Concept Component Analysis: A Principled Approach for Concept Extraction in LLMs

Developing human understandable interpretation of large language models (LLMs) becomes increasingly critical for their deployment in essential domains. Mechanistic interpretability seeks to mitigate the issues through extracts human-interpretable process and concepts from LLMs' activations. Sparse autoencoders (SAEs) have emerged as a popular approach for extracting interpretable and monosemantic concepts by decomposing the LLM internal representations into a dictionary. Despite their empirical progress, SAEs suffer from a fundamental theoretical ambiguity: the well-defined correspondence between LLM representations and human-interpretable concepts remains unclear. This lack of theoretical grounding gives rise to several methodological challenges, including difficulties in principled method design and evaluation criteria. In this work, we show that, under mild assumptions, LLM representations can be approximated as a {linear mixture} of the log-posteriors over concepts given the input context, through the lens of a latent variable model where concepts are treated as latent variables. This motivates a principled framework for concept extraction, namely Concept Component Analysis (ConCA), which aims to recover the log-posterior of each concept from LLM representations through a {unsupervised} linear unmixing process. We explore a specific variant, termed sparse ConCA, which leverages a sparsity prior to address the inherent ill-posedness of the unmixing problem. We implement 12 sparse ConCA variants and demonstrate their ability to extract meaningful concepts across multiple LLMs, offering theory-backed advantages over SAEs.

翻译：为大型语言模型（LLM）开发人类可理解的解释，对于其在关键领域的部署变得日益重要。机制可解释性旨在通过从LLM的激活中提取人类可解释的过程和概念来缓解相关问题。稀疏自编码器（SAE）已成为一种流行的方法，它通过将LLM的内部表示分解为字典来提取可解释且单义的概念。尽管取得了经验性进展，但SAE存在一个根本性的理论模糊性：LLM表示与人类可解释概念之间明确定义的对应关系仍不清楚。
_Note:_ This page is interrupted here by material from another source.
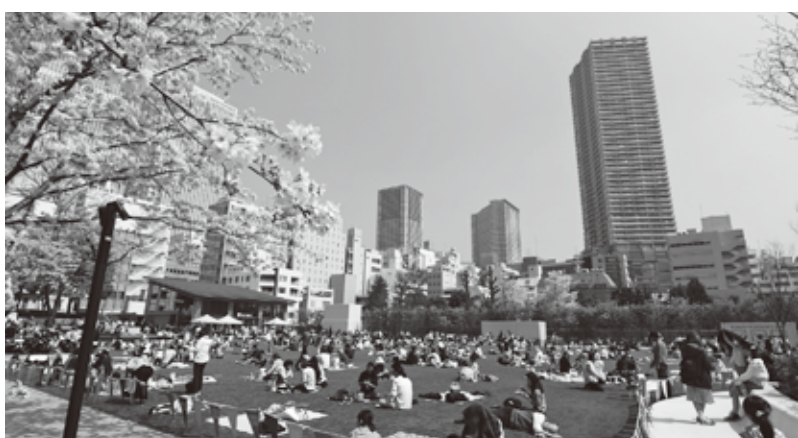
区民の憩いの場として生まれ変わった 南池袋公園

です。これを実現するため、2020 年東京オリンピック・パラリンピッ クまでに池袋駅周辺の四つの公園を 整備します。合計約3万平方メートルな る4公園それぞれの特色を活かし、 土日祝日には誰もが参加できる多彩 なイベントを随時開催。各公園を結

这种理论基础的缺乏引发了几种方法论上的挑战，包括原则性方法设计和评估标准的困难。在这项工作中，我们证明，在温和的假设下，通过将概念视为潜在变量的隐变量模型视角，LLM的表示可以近似为给定输入上下文条件下概念对数后验的{线性混合}。这激发了一种原则性的概念提取框架，即概念成分分析（ConCA），其目标是通过{无监督}的线性解混过程从LLM表示中恢复每个概念的对数后验。我们探索了一种称为稀疏ConCA的特定变体，它利用稀疏性先验来解决解混问题固有的不适定性。我们实现了12种稀疏ConCA变体，并展示了它们在多种LLM中提取有意义概念的能力，提供了相较于SAE的理论支持优势。